WORK TO COMPLETE. Given the material below, output exactly the lines from the line with "Auf dem Parkplatz" to the line with "페이스북 인증 문자..", both ends included, and no other lines.

PROVIDED ENTRIES.

# # # #

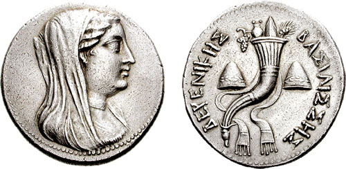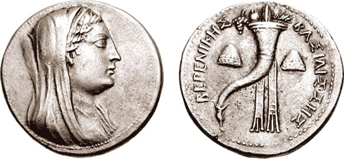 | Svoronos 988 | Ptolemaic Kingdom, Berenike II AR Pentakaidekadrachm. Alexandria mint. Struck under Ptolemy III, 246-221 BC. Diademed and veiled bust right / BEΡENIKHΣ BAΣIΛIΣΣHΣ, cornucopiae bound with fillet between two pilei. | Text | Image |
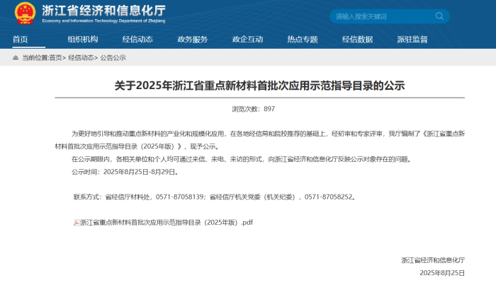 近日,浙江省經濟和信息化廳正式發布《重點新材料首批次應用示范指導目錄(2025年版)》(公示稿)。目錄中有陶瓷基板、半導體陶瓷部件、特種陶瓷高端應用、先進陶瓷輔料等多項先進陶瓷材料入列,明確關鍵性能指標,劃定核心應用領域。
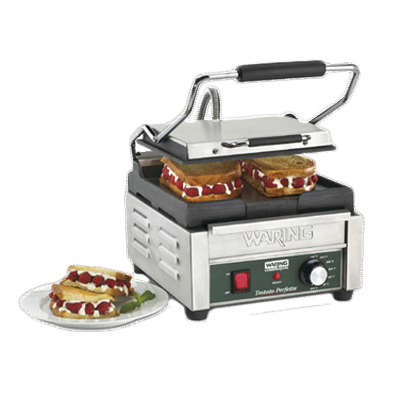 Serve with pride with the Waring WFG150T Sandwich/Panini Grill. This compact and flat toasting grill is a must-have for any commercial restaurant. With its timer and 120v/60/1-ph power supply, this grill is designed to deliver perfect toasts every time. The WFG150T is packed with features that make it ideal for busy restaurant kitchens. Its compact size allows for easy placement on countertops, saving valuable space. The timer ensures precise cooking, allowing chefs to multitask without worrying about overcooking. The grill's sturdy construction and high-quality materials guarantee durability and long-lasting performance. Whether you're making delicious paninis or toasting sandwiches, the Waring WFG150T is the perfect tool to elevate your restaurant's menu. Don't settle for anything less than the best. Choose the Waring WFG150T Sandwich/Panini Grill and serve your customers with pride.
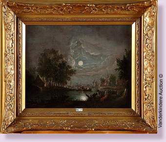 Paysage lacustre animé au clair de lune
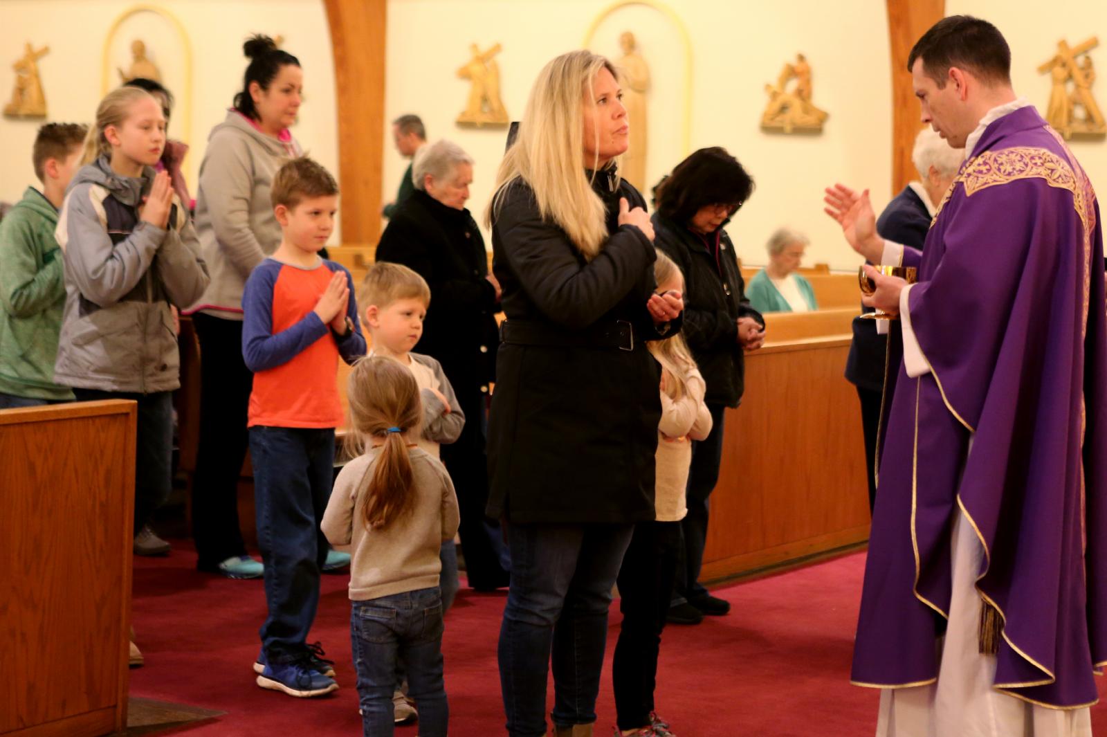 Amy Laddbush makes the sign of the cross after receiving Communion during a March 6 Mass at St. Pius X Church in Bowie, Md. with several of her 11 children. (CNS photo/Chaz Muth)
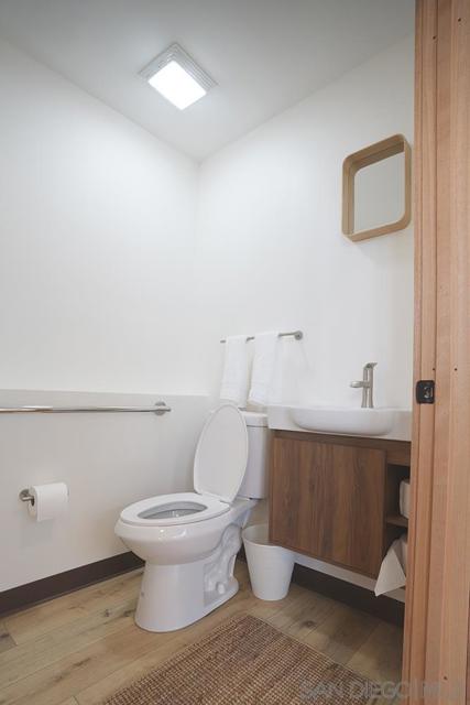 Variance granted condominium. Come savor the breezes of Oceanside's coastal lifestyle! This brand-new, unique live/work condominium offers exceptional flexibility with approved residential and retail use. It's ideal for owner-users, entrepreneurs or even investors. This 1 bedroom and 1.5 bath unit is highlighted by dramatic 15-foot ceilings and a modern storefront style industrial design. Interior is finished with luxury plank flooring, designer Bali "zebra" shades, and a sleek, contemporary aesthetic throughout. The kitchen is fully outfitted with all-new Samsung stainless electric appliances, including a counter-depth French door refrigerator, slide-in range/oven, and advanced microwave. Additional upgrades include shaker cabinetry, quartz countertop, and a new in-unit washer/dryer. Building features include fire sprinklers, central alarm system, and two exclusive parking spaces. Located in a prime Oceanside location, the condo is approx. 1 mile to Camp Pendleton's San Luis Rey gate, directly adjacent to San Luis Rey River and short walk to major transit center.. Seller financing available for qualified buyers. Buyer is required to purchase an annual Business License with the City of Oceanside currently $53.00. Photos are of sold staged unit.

# # # #

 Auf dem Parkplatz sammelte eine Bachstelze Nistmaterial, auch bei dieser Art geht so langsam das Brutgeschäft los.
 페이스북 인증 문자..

# # # #

RESPONSE TO THE EXERCISE.
 Auf dem Parkplatz sammelte eine Bachstelze Nistmaterial, auch bei dieser Art geht so langsam das Brutgeschäft los.
 페이스북 인증 문자..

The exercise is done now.